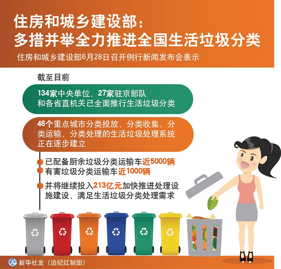 新華社北京6月28日電(記者王優(yōu)玲)住房和城鄉(xiāng)建設(shè)部28日召開(kāi)例行新聞發(fā)布會(huì)表示,下一步將繼續(xù)會(huì)同有關(guān)部門(mén)多措并舉全力推進(jìn)生活垃圾分類(lèi)工作。
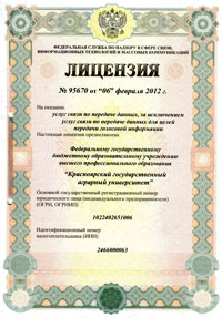 - Поддержка Web-сайта университета, его модернизация и развитие. Обеспечение доступа университетских пользователей к ресурсам глобальных сетей (Internet, RUNET, Krasnet и другие), а также к ресурсам корпоративной сети КрасГАУ.
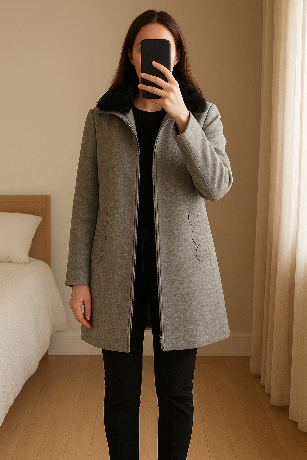 Manteau femme debout, face à la caméra, dans une chambre à la lumière douce, avec une lumière naturelle filtrant par la fenêtre.

# Task directions:
Your reply should hold every line above exactly as written and none of the pictures.

# Task solution:
 新華社北京6月28日電(記者王優(yōu)玲)住房和城鄉(xiāng)建設(shè)部28日召開(kāi)例行新聞發(fā)布會(huì)表示,下一步將繼續(xù)會(huì)同有關(guān)部門(mén)多措并舉全力推進(jìn)生活垃圾分類(lèi)工作。
 - Поддержка Web-сайта университета, его модернизация и развитие. Обеспечение доступа университетских пользователей к ресурсам глобальных сетей (Internet, RUNET, Krasnet и другие), а также к ресурсам корпоративной сети КрасГАУ.
 Manteau femme debout, face à la caméra, dans une chambre à la lumière douce, avec une lumière naturelle filtrant par la fenêtre.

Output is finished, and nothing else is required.